**What is expected**. The expected output is every line of the data exactly as shown, minus the images.

**Data section**.
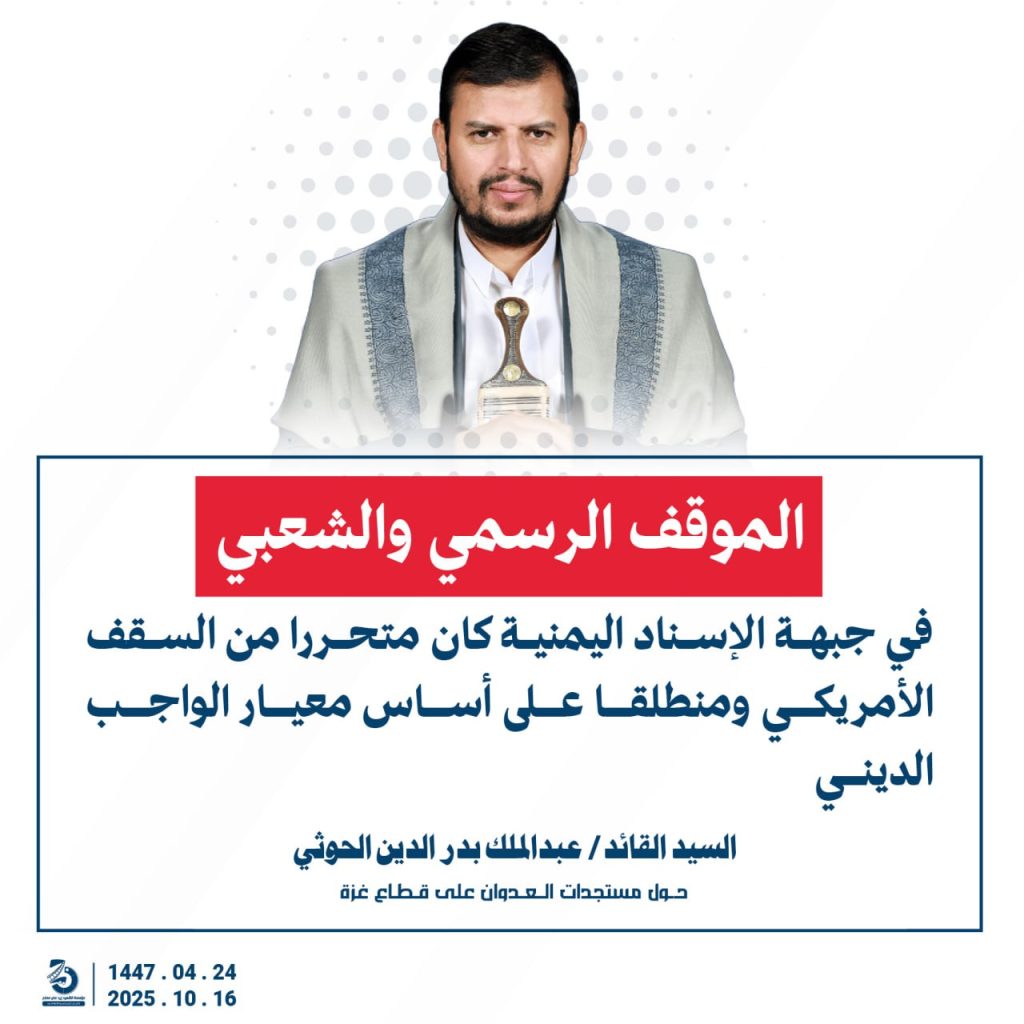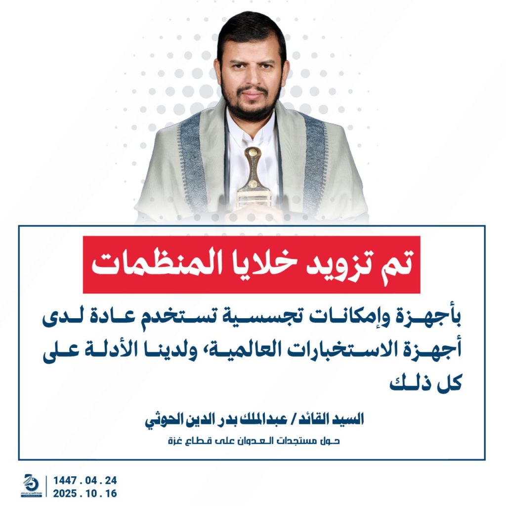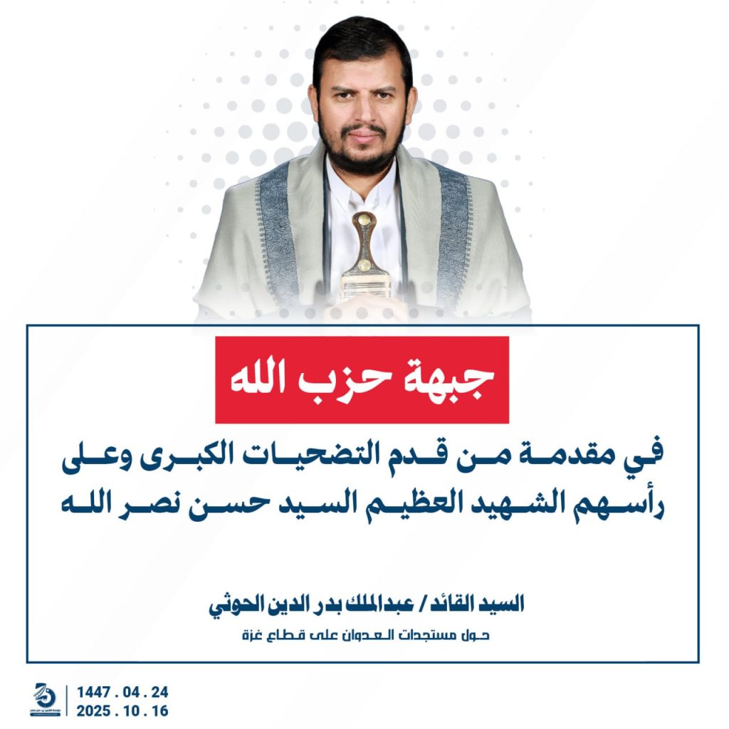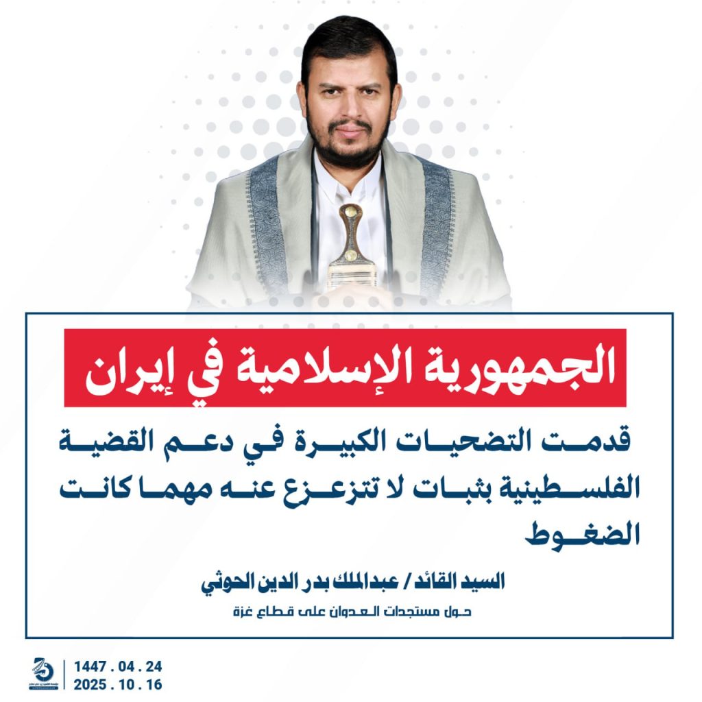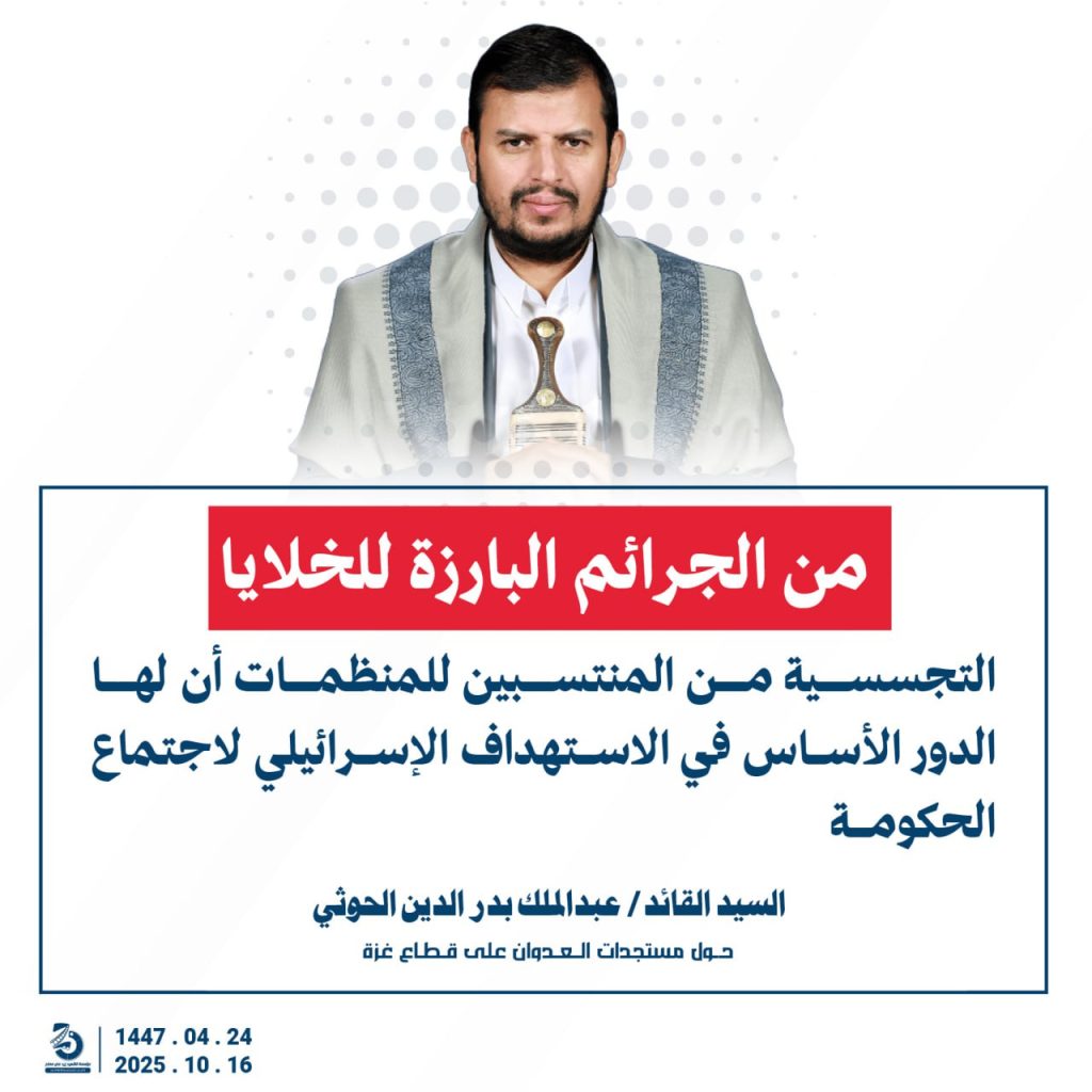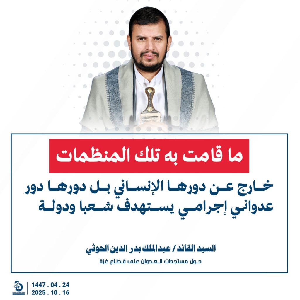 مقتطفات من كلمة السيد القائد عبدالملك بدرالدين الحوثي “حفظه الله”حول المستجدات في قطاع غزة والتطورات الاقليمية والدولية 24 ربيع الآخر 1447هـ | 16 أكتوبر 2025م
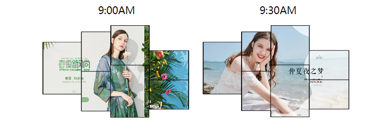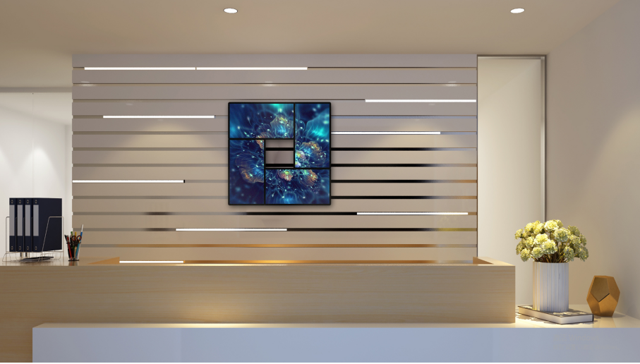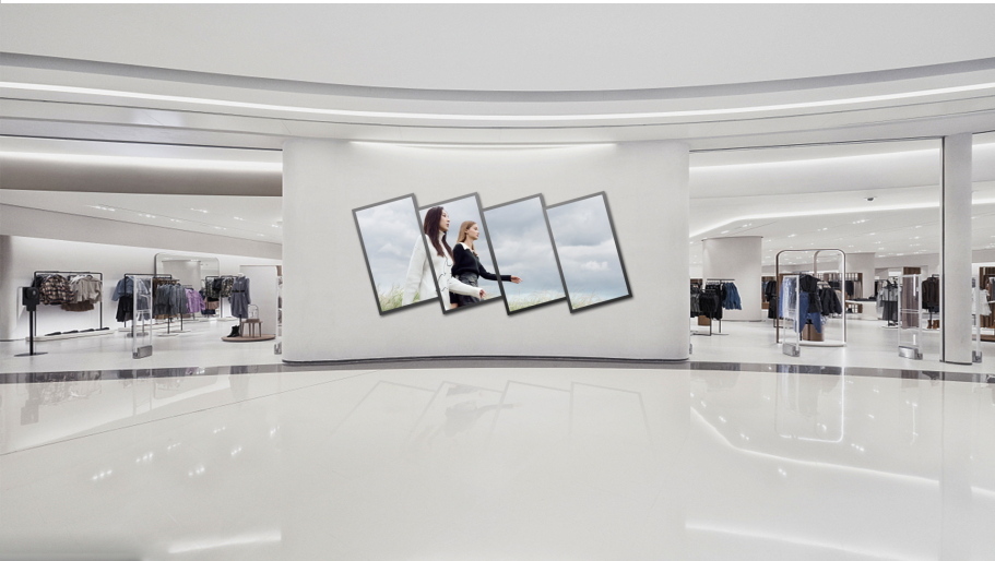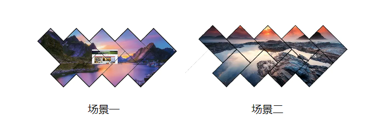 在商铺橱窗、展览展示、产品旗舰店、餐厅、高端会所等场所,为了实现时尚绚丽的显示效果并带来酷炫的视觉效果,一般采用异形拼接屏来播放精致的超高清产品宣传片、形象宣传片、广告或唯美风景等。相对传统拼接屏,异形拼接屏能给客户带来惊艳、新奇的视觉感受,提高拼接屏的展示价值和观赏价值。
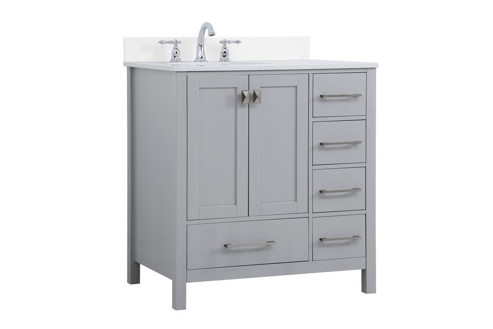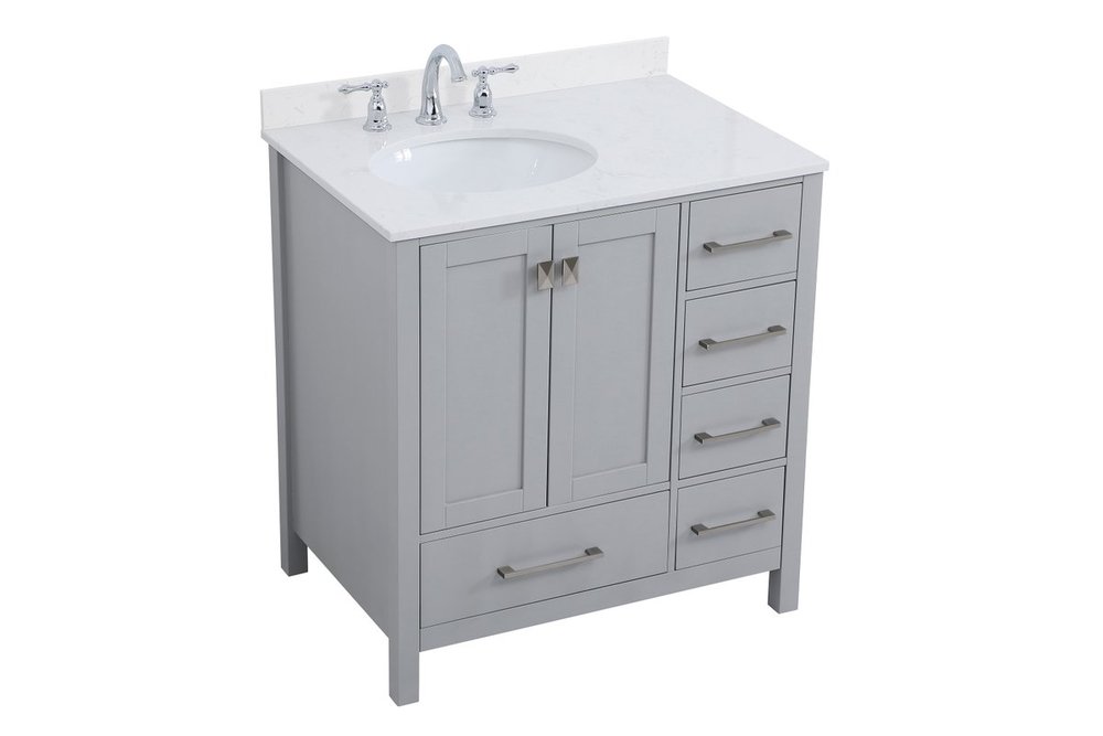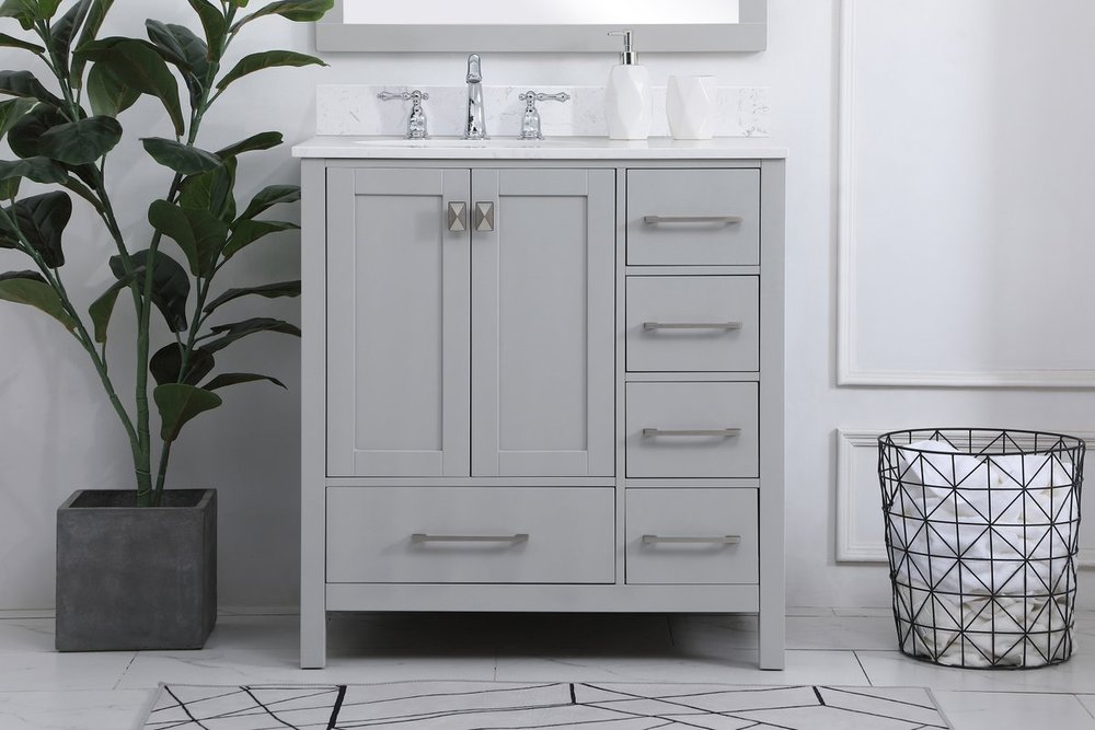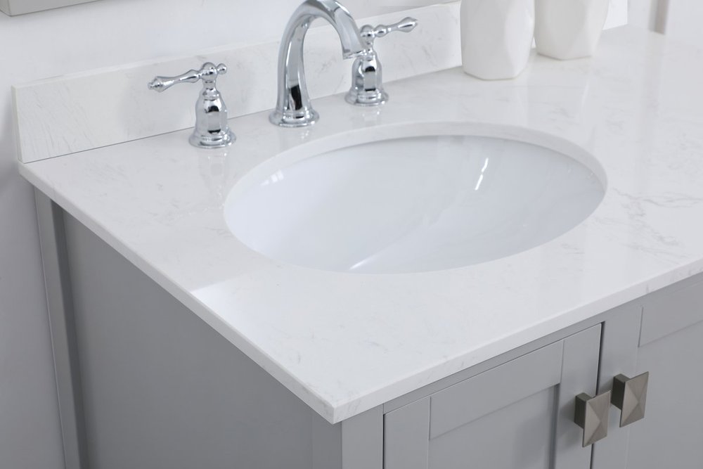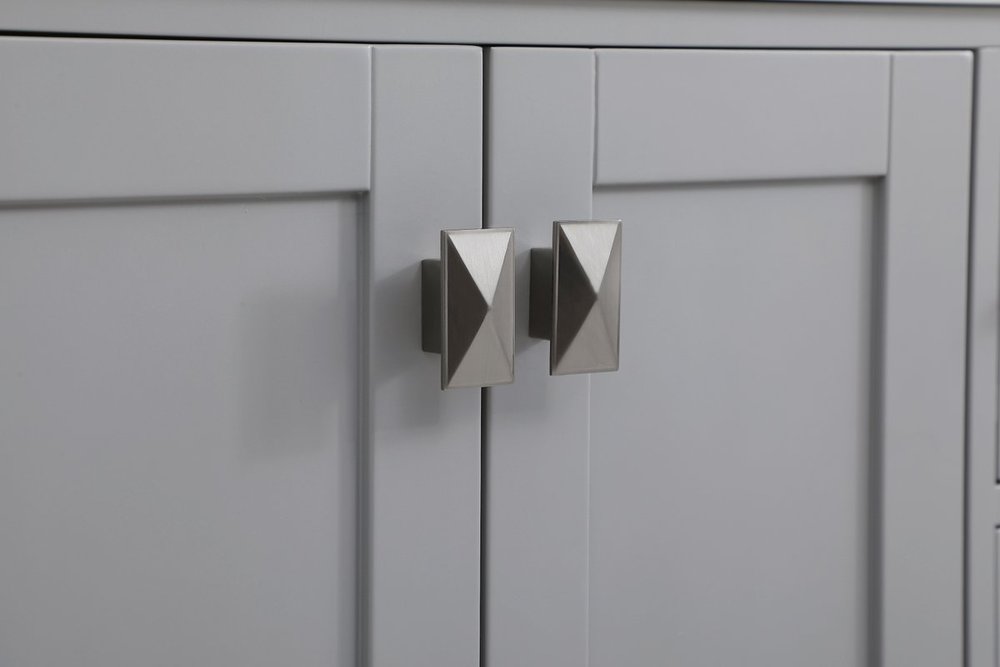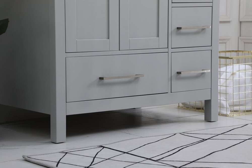 Never compromise beauty--the Irene collection stunning vanity in a gray finish will add lovely sophistication and complement any bathroom or powder room, while utilizing its charm and function to provide you with ample storage spaces. Brushed nickel pulls gently adorn the minimalist cabinet doors and drawers at the base, allowing for you to store away your bathroom essentials. The calacatta engineered marble countertop, porcelain undermount sink, dignified subtle engravings on the side edges, and squared legs all come together to create contemporary beauty. Work with your space, and design a beautiful room, no matter the size. Comes with a matching backsplash to complete the look and protects your wall.

**Solution below**.
 مقتطفات من كلمة السيد القائد عبدالملك بدرالدين الحوثي “حفظه الله”حول المستجدات في قطاع غزة والتطورات الاقليمية والدولية 24 ربيع الآخر 1447هـ | 16 أكتوبر 2025م
 在商铺橱窗、展览展示、产品旗舰店、餐厅、高端会所等场所,为了实现时尚绚丽的显示效果并带来酷炫的视觉效果,一般采用异形拼接屏来播放精致的超高清产品宣传片、形象宣传片、广告或唯美风景等。相对传统拼接屏,异形拼接屏能给客户带来惊艳、新奇的视觉感受,提高拼接屏的展示价值和观赏价值。
 Never compromise beauty--the Irene collection stunning vanity in a gray finish will add lovely sophistication and complement any bathroom or powder room, while utilizing its charm and function to provide you with ample storage spaces. Brushed nickel pulls gently adorn the minimalist cabinet doors and drawers at the base, allowing for you to store away your bathroom essentials. The calacatta engineered marble countertop, porcelain undermount sink, dignified subtle engravings on the side edges, and squared legs all come together to create contemporary beauty. Work with your space, and design a beautiful room, no matter the size. Comes with a matching backsplash to complete the look and protects your wall.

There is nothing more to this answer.